Le modèle 'build-to-stock' doit donc faire place au modèle 'build-to-order'. Lorsqu'ils définissent leur chaîne de valeur, la plupart des fabricants tiennent compte des stocks qui doivent être créés chez chaque fournisseur et distributeur avant de pouvoir lancer la production proprement dite. Ce n'est que plus tard que la commercialisation du produit suit. De plus en plus de micro-marques commercialisent leurs produits bien avant la production de ces derniers grâce à un système de précommande. Les clients choisissent le modèle souhaité, versent un acompte, reçoivent une estimation de la date de livraison et attendent ensuite patiemment que le produit arrive dans leur boîte aux lettres.

 

 

 

Xiaomi est un exemple de licorne à croissance rapide. Presque chaque semaine, la marque bombarde ses clients en ligne de messages présentant de nouveaux modèles de produits personnalisés et proposant des ventes flash en précommande.
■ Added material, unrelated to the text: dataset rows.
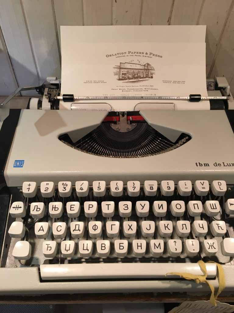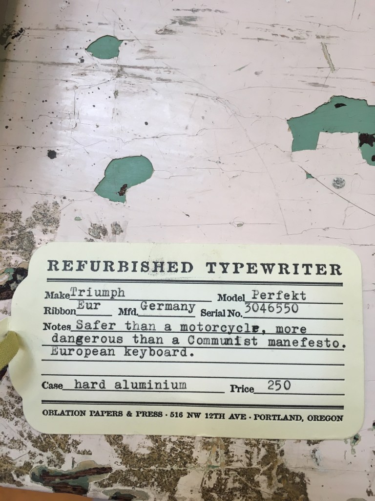 Besides pens, papers, maps, and other such treasures, we found …typewriters!!! Old, mechanical, click-clacky typewriters! They worked, they typed, they smelled just like high school, and I spent way too much time enjoying them. At one time, we owned three of these lovely beauties, but we let them go when we were lightening our load to move. I miss my old Smith- Corona.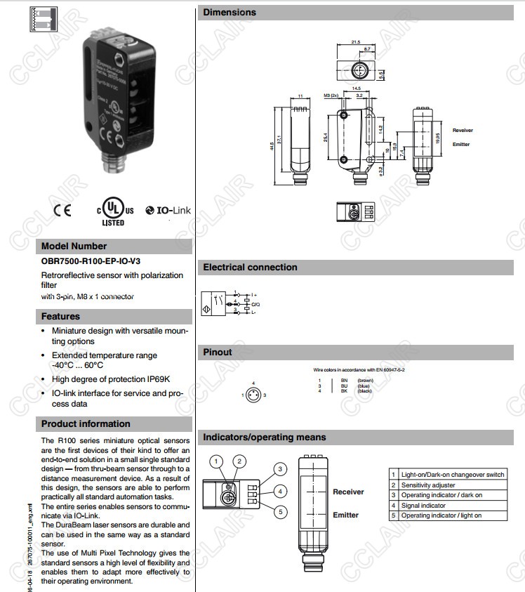 OBR7500-R100-EP-IO-V3,反射板型传感器
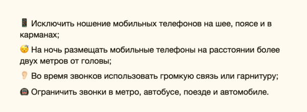 Правительство также рекомендовало: исключить ношение мобильных телефонов на шее и в карманах; поддерживать максимальное удаление мобильных телефонов от головы в момент разговора, для этого предложили использовать громкую связь или гарнитуру; размещать телефоны на ночь на расстоянии более двух метров от головы.

Le groupe reçoit d'énormes quantités de commandes avant de commencer à commander lui-même des pièces ou de devoir constituer des stocks importants. Les acteurs établis, tels que Sony, commercialisent quant à eux régulièrement de nouvelles séries limitées, ainsi que des mises à niveau via des opérations de précommande.

 

Pour reprendre les mots de Lei Yin, cofondateur de Xiaomi : “Competition used to be a marathon; you only needed to know how to run. Now the game is an Ironman triathlon. To compete, a company must offer great hardware, software, and Internet services.”

 

Au final, ce qu'il faut absolument retenir de cette série d'articles sur le thème 'The Exponential Shift of Manufacturing', c'est que le secteur de la fabrication est en train de faire entièrement peau neuve en ce moment même. Dans de nombreux cas, la valeur ne réside plus dans le produit lui-même, mais plutôt dans les services supplémentaires et les expériences qui y sont liés (from object to experience/solution).

 

Les nouveaux produits, les nouvelles technologies de fabrication et les nouveaux consommateurs conduisent à la création d'une chaîne de valeur dans laquelle la valeur doit être créée à un coût beaucoup plus faible qu'auparavant. Les fabricants doivent prendre des décisions coûteuses et complexes pour savoir où et comment investir pour trouver une valeur ajoutée. Toute entreprise manufacturière qui prend conscience de ce qui se passe sous la surface doit impérativement se pencher sur les quatre points suivants :

  • De combien de temps aurai-je besoin pour m'adapter de manière suffisamment rapide (complexité du produit, dimension du produit, technologies de fabrication et de conception, réglementation et degré de numérisation du produit et du marché).
  • Gardez un œil sur les modèles économiques les plus performants dans votre secteur et essayez de faire partie de leur écosphère.
  • Cherchez des opportunités de croissance en utilisant les leviers nécessaires (plateformes de partenariat, communautés, etc.).
  • Identifiez les sphères d'influence adéquates (connaissances, licences, IP, etc.) et positionnez-vous en leur sein.